Step 4: Execute Refactoring
Once the user approves, execute the refactoring step by step:
- Create extracted files first: Write each new file with proper TypeScript types, imports, and exports.
- Update the original file: Replace extracted code with imports and usage of the new modules.
-
Fix imports: Ensure all import paths are correct and consistent with the project's import style (check for
@/aliases, relative paths, etc.). - Update dependents: Search for other files that import from the original file and update their imports if any exported symbols moved to new files.

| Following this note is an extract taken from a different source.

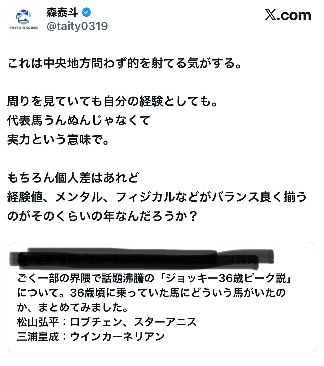 | … | 62無念Nameとしあき26/04/22(水)12:05:04No.1402611009そうだねx4>なにやら騎手の36歳ピーク説ってのがまことしなやかに流れてるらしいぽん |

- Preserve behavior: Do NOT change any logic or functionality. The refactoring must be purely structural.
Rules During Refactoring
- Maintain existing naming conventions from the project.
- Preserve all comments and documentation.
- Keep test files working — if you move code, note which test files may need import path updates.
- Do not introduce new dependencies.
- Use named exports (not default exports) unless the project convention is default exports.
- Place new files near the original file or in a subfolder (e.g.,
routes/users/for pieces extracted fromroutes/users.ts). - For API routes, ensure the new route files are properly registered/imported in the parent plugin or app setup.
- For services, maintain the same dependency injection or instantiation pattern used in the project.
- Keep the same error handling patterns — do not change how errors are thrown or caught.
Step 5: Summary
After completing the refactoring, present a summary:
## Refactoring Complete
### Original
- `src/routes/users.ts`: 650 lines
### After
- `src/routes/users.ts`: 200 lines
- `src/routes/userInvitations.ts`: 180 lines (new)
- `src/routes/schemas/userSchemas.ts`: 90 lines (new)
- `src/services/userNotificationService.ts`: 120 lines (new)
- ...
### Total lines saved in original: 450
### New files created: 3
Then suggest the user run their type checker and tests to verify nothing broke.